> [Work order]
From the line holding "Mustard Yellow Floral Printed Lehenga Set" through the line holding "행정복지센터는 앞으로도 지속적인" below, write out every line exactly; include both of those lines and drop the pictures.

> [Records provided]
>>

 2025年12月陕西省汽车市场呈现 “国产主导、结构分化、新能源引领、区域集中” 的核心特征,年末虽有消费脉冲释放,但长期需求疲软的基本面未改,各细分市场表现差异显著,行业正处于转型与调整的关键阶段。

<<
>>

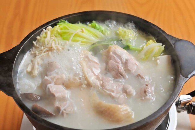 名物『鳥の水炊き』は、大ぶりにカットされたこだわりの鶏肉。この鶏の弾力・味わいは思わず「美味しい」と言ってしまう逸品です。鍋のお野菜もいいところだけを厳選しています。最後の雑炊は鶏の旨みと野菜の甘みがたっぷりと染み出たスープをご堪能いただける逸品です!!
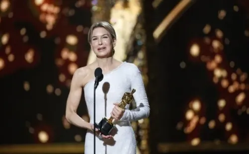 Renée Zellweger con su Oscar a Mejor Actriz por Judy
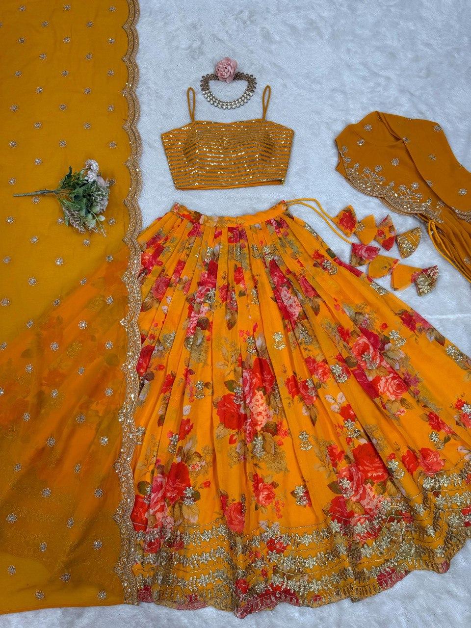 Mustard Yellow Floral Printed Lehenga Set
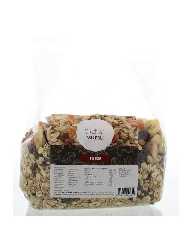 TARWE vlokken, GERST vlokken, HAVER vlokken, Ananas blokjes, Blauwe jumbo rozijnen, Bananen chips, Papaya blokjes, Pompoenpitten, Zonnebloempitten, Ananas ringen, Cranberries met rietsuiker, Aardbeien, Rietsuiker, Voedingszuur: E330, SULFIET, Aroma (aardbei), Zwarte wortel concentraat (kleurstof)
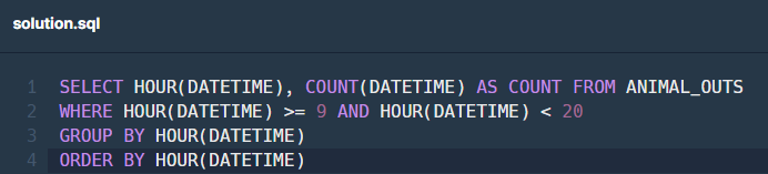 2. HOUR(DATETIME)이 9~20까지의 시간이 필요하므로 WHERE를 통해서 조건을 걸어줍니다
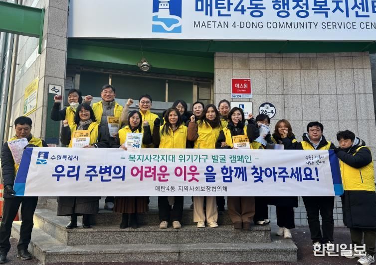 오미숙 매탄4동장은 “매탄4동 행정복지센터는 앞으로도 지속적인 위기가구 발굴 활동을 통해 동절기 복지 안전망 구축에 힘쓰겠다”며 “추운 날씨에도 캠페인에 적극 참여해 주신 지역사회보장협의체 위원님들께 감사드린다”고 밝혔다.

<<

> [Answer to the problem]
 Mustard Yellow Floral Printed Lehenga Set
 TARWE vlokken, GERST vlokken, HAVER vlokken, Ananas blokjes, Blauwe jumbo rozijnen, Bananen chips, Papaya blokjes, Pompoenpitten, Zonnebloempitten, Ananas ringen, Cranberries met rietsuiker, Aardbeien, Rietsuiker, Voedingszuur: E330, SULFIET, Aroma (aardbei), Zwarte wortel concentraat (kleurstof)
 2. HOUR(DATETIME)이 9~20까지의 시간이 필요하므로 WHERE를 통해서 조건을 걸어줍니다
 오미숙 매탄4동장은 “매탄4동 행정복지센터는 앞으로도 지속적인 위기가구 발굴 활동을 통해 동절기 복지 안전망 구축에 힘쓰겠다”며 “추운 날씨에도 캠페인에 적극 참여해 주신 지역사회보장협의체 위원님들께 감사드린다”고 밝혔다.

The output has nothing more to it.